_What you should do_. Go to the line containing "另,除出生国籍外,玩家在创角" in the records below and print it and every following line exactly, on through the line containing "with Miyuki bead", then stop.

--- Source material ---

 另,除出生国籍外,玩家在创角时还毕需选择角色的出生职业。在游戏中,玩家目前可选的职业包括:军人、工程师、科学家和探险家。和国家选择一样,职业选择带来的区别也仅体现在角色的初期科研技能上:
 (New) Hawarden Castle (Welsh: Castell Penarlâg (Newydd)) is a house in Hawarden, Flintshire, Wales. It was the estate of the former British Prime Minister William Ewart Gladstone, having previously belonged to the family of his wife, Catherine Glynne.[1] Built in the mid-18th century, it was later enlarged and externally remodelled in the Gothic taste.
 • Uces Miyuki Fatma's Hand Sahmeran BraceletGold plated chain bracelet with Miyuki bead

---
--- Source material ---

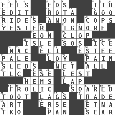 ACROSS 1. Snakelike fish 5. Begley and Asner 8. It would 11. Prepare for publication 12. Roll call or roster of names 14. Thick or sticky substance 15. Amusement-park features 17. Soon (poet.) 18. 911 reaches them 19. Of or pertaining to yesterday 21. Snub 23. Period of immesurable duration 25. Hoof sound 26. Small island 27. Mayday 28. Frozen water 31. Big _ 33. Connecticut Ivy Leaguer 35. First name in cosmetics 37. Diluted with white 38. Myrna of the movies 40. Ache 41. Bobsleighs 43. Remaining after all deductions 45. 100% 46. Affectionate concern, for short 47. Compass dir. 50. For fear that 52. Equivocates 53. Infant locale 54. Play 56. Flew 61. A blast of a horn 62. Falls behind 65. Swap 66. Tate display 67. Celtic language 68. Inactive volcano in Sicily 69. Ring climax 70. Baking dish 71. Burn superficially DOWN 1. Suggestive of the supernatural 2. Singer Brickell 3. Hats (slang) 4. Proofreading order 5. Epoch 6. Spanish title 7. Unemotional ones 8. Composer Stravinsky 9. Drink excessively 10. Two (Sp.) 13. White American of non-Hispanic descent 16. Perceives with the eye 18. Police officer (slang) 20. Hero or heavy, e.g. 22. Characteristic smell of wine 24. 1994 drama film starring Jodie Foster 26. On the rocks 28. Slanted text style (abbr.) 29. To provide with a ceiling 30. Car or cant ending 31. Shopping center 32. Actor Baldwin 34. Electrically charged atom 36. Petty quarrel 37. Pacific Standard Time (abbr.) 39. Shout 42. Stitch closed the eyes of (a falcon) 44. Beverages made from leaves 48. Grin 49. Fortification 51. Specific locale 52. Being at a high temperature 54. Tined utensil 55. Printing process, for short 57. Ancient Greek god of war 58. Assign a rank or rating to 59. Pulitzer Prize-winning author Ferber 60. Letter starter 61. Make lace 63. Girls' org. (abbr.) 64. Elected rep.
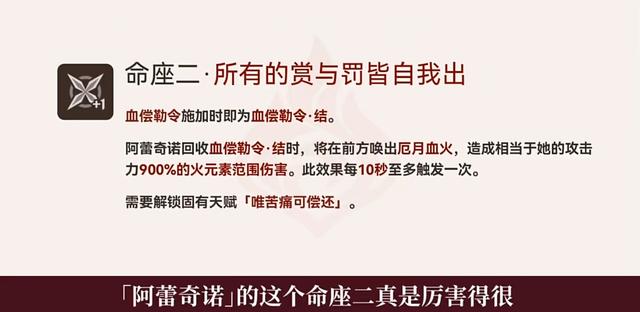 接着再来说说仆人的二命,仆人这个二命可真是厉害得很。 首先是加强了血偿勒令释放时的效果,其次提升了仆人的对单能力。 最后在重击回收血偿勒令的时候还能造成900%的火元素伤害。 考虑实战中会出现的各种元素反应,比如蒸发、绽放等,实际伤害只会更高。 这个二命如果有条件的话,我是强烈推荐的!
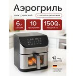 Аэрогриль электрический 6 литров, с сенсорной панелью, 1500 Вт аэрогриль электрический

---

_Written solution_.
 另,除出生国籍外,玩家在创角时还毕需选择角色的出生职业。在游戏中,玩家目前可选的职业包括:军人、工程师、科学家和探险家。和国家选择一样,职业选择带来的区别也仅体现在角色的初期科研技能上:
 (New) Hawarden Castle (Welsh: Castell Penarlâg (Newydd)) is a house in Hawarden, Flintshire, Wales. It was the estate of the former British Prime Minister William Ewart Gladstone, having previously belonged to the family of his wife, Catherine Glynne.[1] Built in the mid-18th century, it was later enlarged and externally remodelled in the Gothic taste.
 • Uces Miyuki Fatma's Hand Sahmeran BraceletGold plated chain bracelet with Miyuki bead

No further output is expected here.